Starting with the first line below, reproduce each line exactly until you have included the one bearing "Vestido Midi em".

Entries taken from a collection
----------------
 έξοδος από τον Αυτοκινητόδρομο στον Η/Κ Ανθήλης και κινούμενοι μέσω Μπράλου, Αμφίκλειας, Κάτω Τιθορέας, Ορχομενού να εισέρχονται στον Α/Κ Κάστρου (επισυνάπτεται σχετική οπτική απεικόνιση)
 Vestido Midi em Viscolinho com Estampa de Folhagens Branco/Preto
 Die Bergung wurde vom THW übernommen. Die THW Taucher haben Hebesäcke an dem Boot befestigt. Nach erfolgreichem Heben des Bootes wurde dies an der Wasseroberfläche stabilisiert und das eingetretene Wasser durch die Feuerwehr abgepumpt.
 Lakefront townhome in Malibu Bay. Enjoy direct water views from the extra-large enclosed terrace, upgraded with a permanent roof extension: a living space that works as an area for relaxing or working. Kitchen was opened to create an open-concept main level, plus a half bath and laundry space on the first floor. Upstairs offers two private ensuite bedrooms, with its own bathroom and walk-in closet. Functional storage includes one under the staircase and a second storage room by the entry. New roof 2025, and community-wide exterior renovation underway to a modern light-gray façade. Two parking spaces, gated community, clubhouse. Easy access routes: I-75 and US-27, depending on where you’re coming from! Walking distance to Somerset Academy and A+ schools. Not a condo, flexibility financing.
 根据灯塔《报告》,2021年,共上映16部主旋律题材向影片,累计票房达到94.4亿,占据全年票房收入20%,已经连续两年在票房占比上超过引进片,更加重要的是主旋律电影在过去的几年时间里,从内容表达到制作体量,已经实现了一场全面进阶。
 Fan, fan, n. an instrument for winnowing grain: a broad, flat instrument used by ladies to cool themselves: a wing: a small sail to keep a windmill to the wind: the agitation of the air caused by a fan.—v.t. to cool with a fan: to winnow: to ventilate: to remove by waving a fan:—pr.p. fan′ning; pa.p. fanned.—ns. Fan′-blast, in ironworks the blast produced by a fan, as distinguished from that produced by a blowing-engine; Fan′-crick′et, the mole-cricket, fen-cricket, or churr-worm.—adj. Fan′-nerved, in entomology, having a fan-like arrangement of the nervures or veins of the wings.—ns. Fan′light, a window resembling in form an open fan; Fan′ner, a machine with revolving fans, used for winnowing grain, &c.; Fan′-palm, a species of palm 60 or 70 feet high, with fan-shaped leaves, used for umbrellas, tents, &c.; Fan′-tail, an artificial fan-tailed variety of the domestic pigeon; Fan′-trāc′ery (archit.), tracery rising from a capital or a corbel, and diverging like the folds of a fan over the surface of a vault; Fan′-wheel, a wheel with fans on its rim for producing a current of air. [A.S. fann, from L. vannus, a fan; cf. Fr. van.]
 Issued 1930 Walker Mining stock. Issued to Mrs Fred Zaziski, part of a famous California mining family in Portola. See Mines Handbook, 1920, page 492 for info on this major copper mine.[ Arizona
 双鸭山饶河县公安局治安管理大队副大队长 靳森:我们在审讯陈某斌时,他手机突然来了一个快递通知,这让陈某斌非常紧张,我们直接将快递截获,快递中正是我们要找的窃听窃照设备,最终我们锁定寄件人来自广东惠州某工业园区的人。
----------------
▸ **TASK RESPONSE**
 έξοδος από τον Αυτοκινητόδρομο στον Η/Κ Ανθήλης και κινούμενοι μέσω Μπράλου, Αμφίκλειας, Κάτω Τιθορέας, Ορχομενού να εισέρχονται στον Α/Κ Κάστρου (επισυνάπτεται σχετική οπτική απεικόνιση)
 Vestido Midi em Viscolinho com Estampa de Folhagens Branco/Preto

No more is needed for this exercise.